▸ WORK ORDER
Copy exactly the stretch of lines from the one holding "Attraverso le sfumature" through the last line of the data below, inclusive. Leave out pictures.

####################

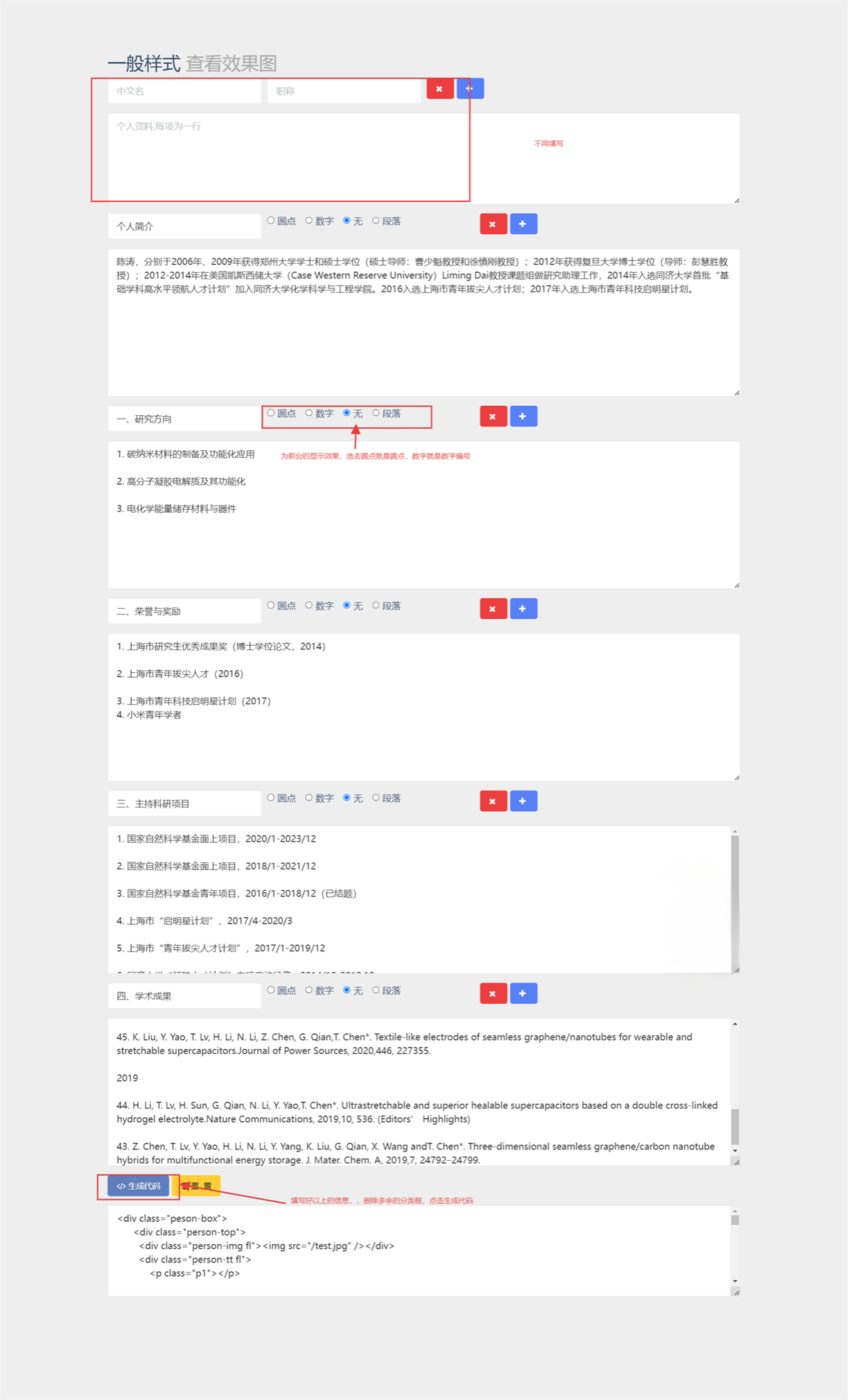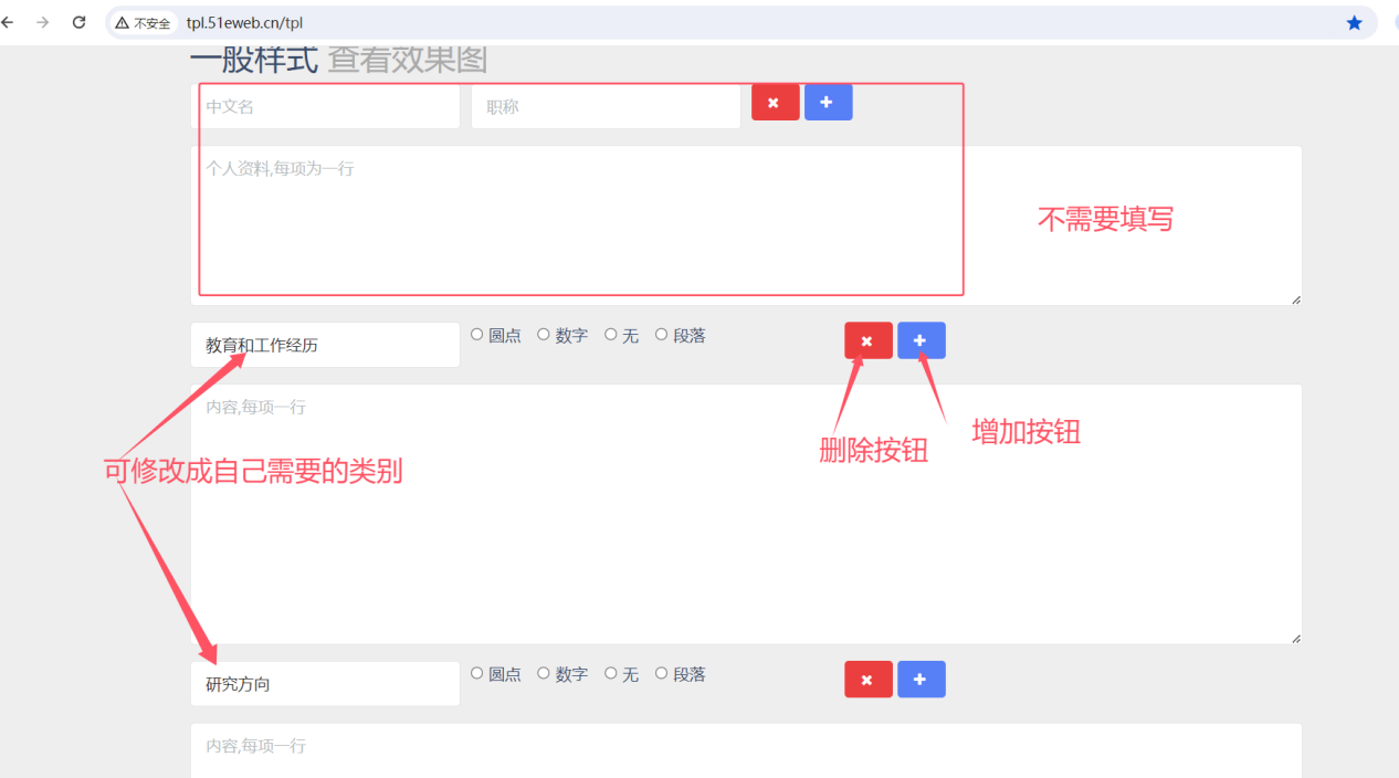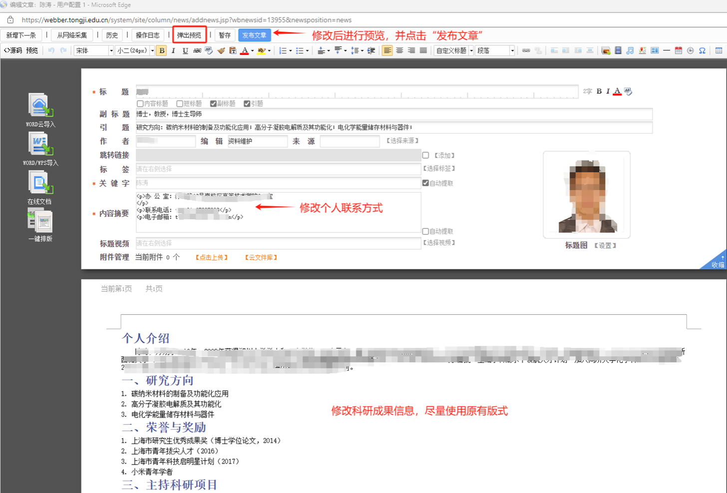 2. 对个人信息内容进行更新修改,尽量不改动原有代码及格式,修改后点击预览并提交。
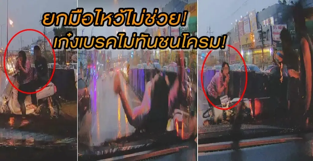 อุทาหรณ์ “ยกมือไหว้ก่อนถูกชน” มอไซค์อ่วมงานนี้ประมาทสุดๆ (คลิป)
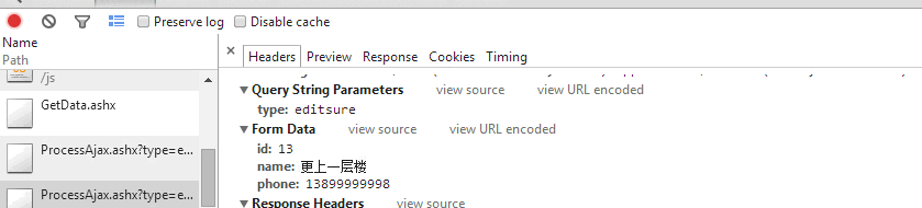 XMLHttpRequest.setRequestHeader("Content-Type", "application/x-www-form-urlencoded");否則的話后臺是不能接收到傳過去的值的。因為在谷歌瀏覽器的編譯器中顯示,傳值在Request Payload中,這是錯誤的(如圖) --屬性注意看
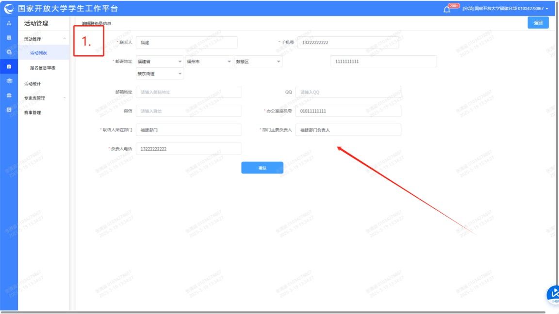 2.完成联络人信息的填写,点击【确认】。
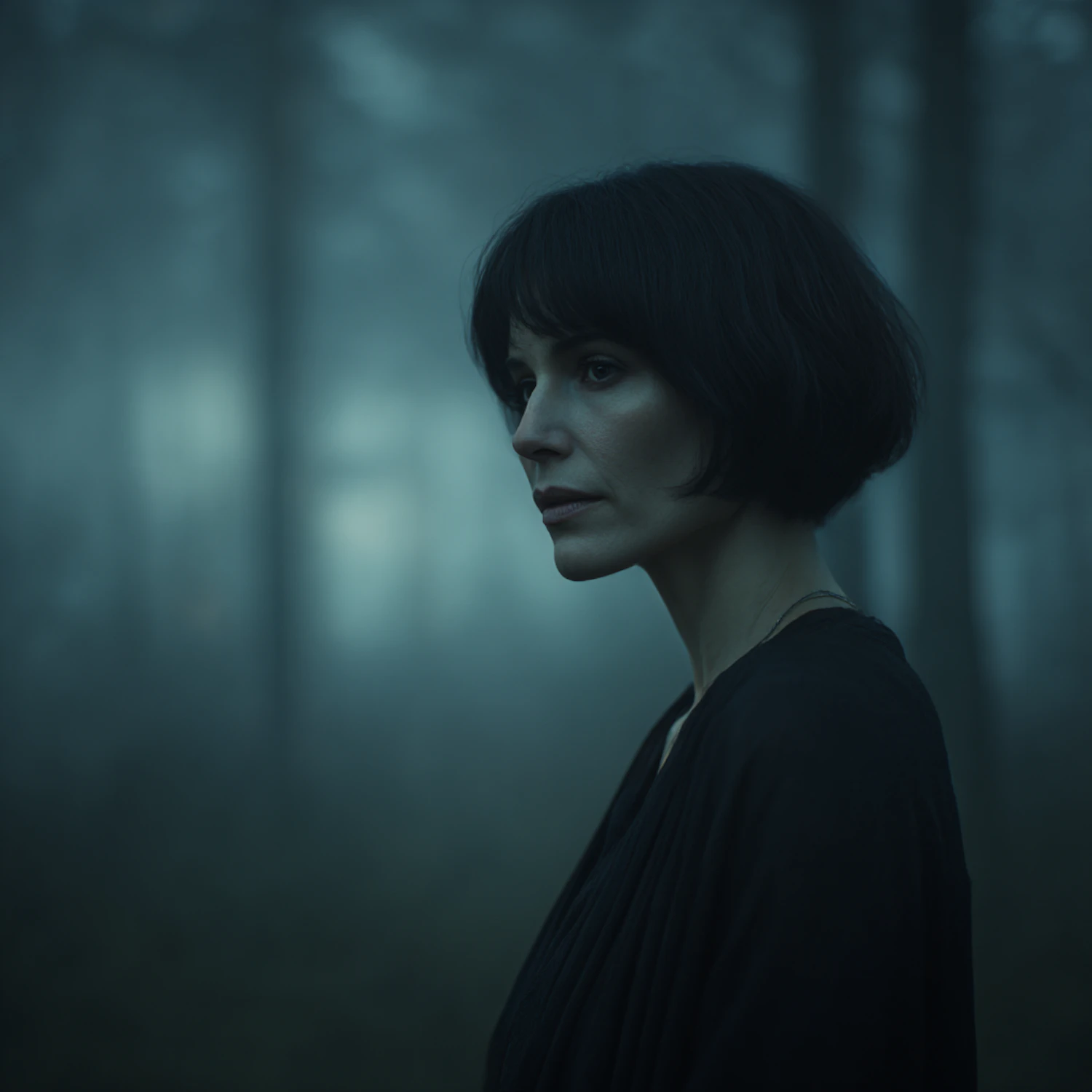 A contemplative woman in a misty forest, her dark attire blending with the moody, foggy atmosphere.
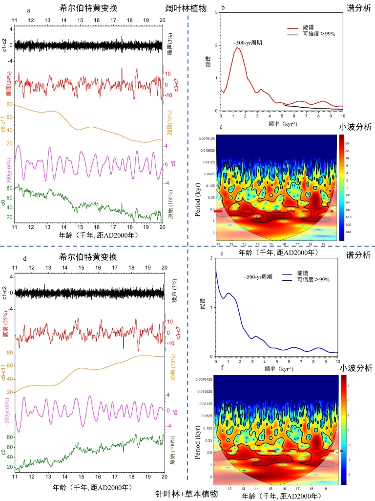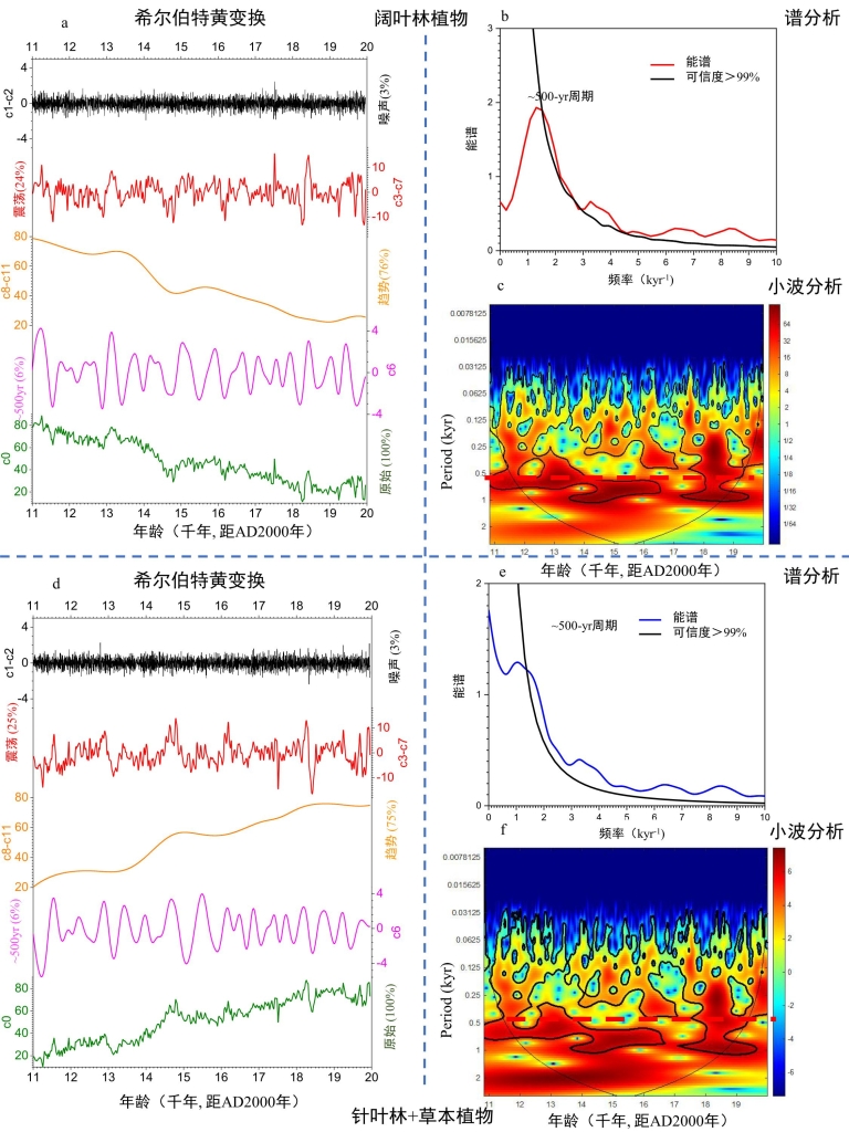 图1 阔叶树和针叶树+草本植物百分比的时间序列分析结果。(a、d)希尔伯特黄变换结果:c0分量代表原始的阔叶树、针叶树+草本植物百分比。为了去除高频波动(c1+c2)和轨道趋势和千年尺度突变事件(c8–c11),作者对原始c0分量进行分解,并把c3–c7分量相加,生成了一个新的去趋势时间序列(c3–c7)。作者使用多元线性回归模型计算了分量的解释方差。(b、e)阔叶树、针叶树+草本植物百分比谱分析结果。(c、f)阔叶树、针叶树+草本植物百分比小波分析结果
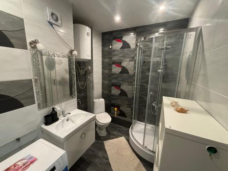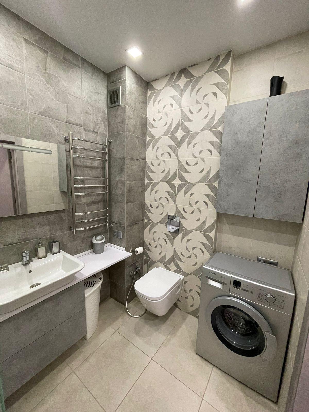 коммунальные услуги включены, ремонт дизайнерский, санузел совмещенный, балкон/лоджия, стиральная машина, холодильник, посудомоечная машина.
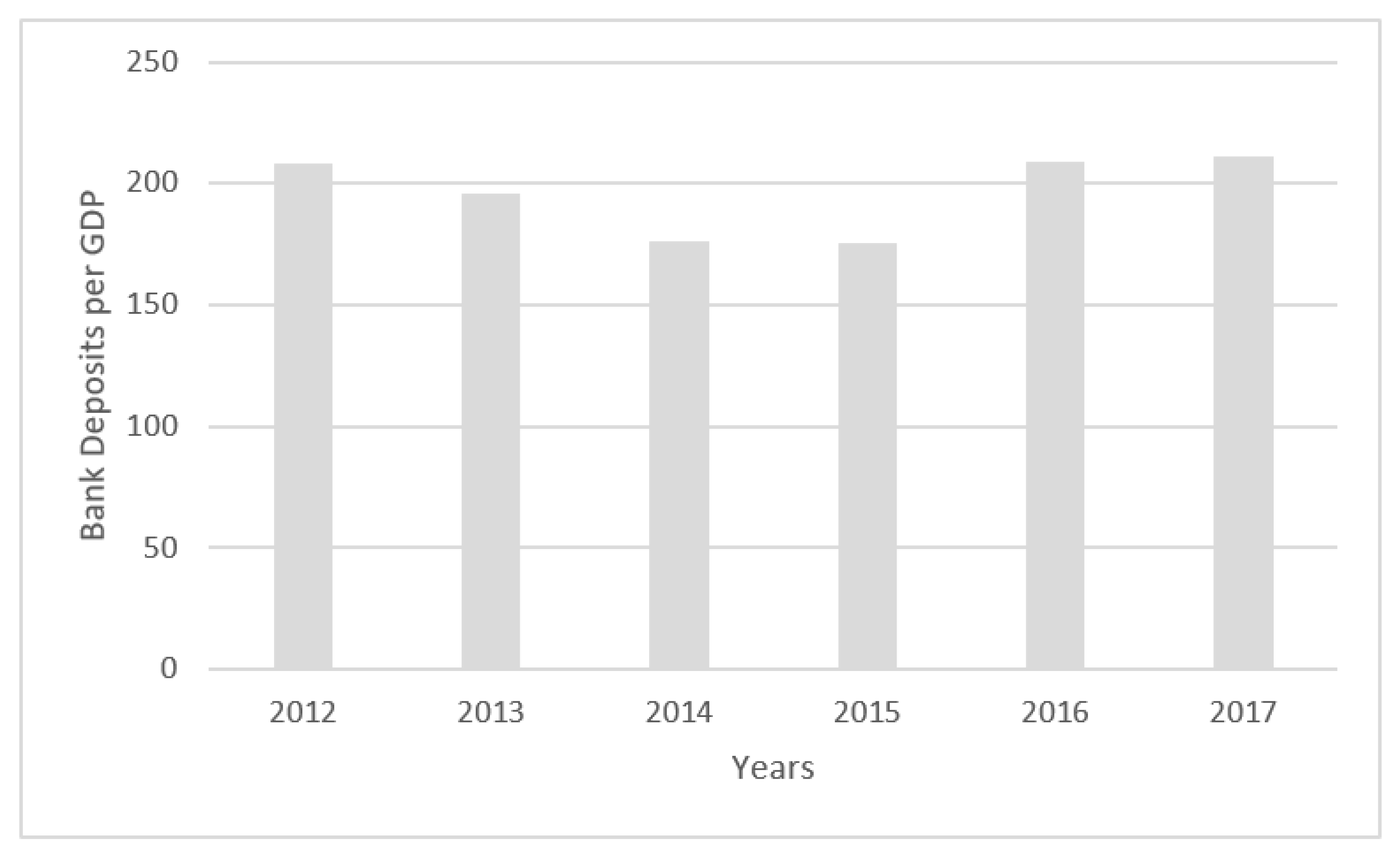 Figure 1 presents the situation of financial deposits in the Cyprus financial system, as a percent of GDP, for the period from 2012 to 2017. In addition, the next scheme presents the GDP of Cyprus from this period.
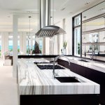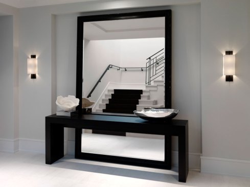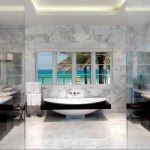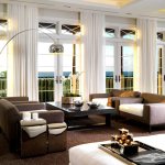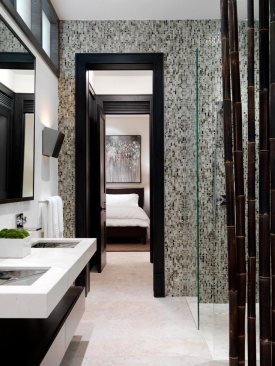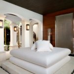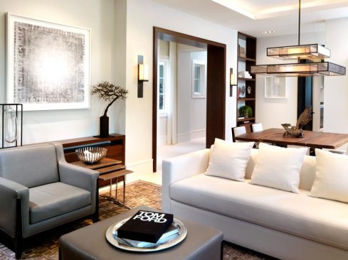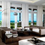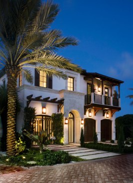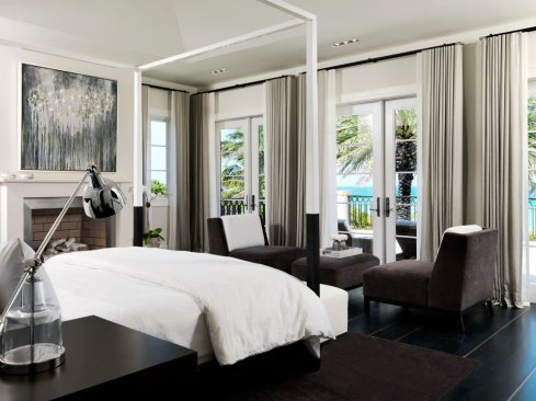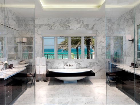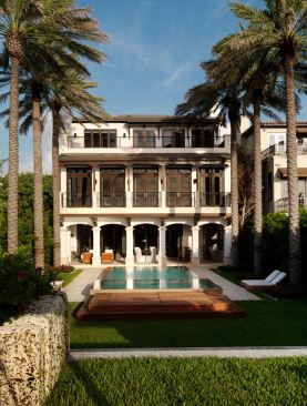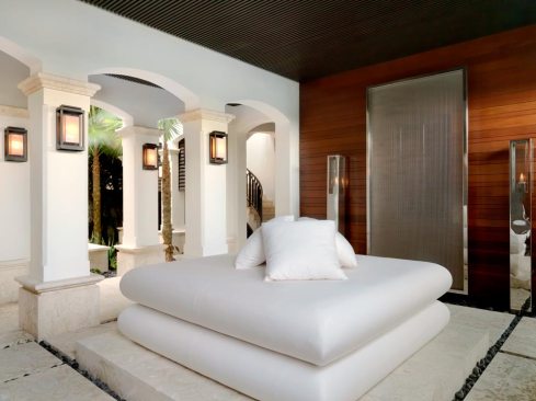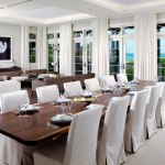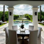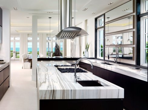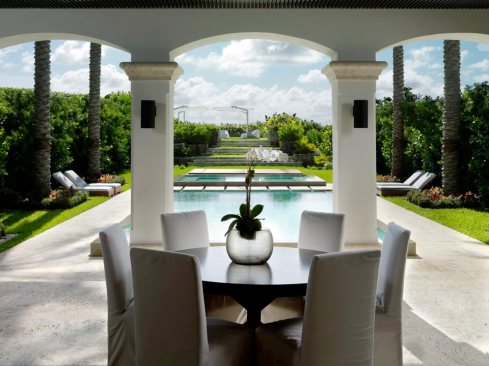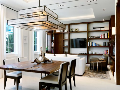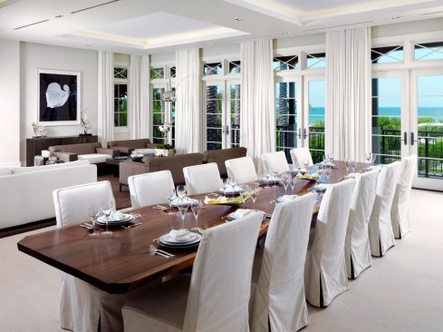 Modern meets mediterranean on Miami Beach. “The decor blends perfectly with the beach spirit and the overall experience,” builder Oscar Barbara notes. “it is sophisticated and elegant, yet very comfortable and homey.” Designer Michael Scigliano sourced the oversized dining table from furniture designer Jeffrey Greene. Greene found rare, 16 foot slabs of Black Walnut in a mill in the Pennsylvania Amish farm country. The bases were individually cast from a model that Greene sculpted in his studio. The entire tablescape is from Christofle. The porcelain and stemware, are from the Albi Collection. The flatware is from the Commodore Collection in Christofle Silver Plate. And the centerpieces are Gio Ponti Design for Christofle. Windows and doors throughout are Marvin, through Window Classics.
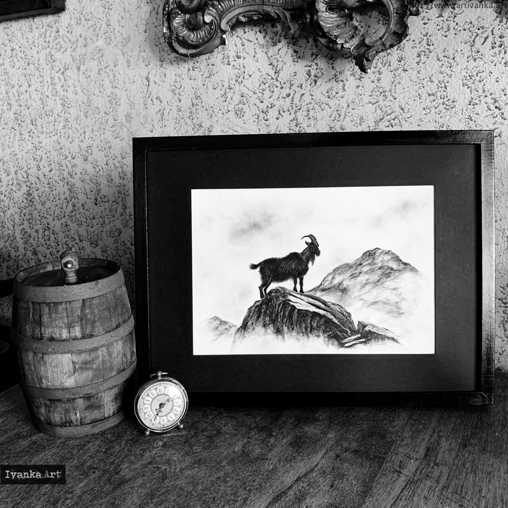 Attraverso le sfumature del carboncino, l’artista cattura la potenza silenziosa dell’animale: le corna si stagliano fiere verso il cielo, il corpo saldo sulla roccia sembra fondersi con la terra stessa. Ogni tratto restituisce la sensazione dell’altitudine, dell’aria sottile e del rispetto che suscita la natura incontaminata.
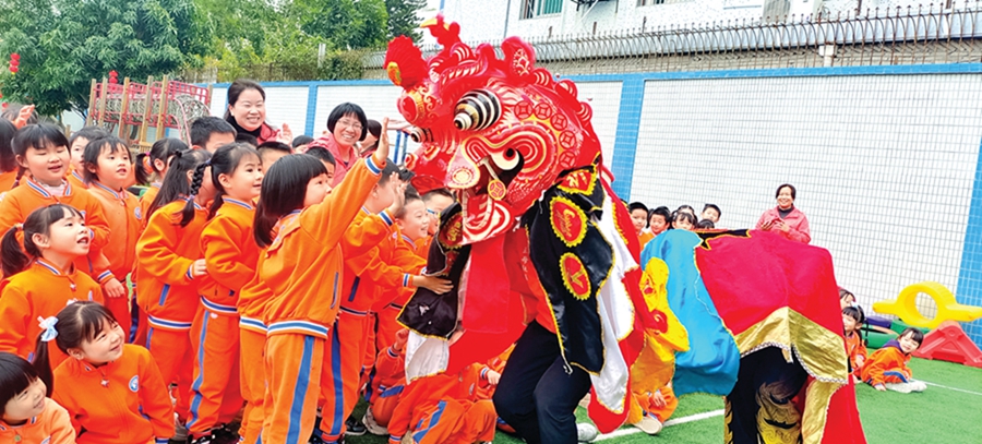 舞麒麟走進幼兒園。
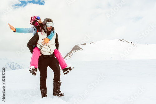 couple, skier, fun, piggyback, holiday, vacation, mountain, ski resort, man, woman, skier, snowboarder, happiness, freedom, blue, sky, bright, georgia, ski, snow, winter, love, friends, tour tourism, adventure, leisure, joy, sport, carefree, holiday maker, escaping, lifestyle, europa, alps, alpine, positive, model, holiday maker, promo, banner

####################

▸ ANSWER TO THE EXERCISE
 Attraverso le sfumature del carboncino, l’artista cattura la potenza silenziosa dell’animale: le corna si stagliano fiere verso il cielo, il corpo saldo sulla roccia sembra fondersi con la terra stessa. Ogni tratto restituisce la sensazione dell’altitudine, dell’aria sottile e del rispetto che suscita la natura incontaminata.
 舞麒麟走進幼兒園。
 couple, skier, fun, piggyback, holiday, vacation, mountain, ski resort, man, woman, skier, snowboarder, happiness, freedom, blue, sky, bright, georgia, ski, snow, winter, love, friends, tour tourism, adventure, leisure, joy, sport, carefree, holiday maker, escaping, lifestyle, europa, alps, alpine, positive, model, holiday maker, promo, banner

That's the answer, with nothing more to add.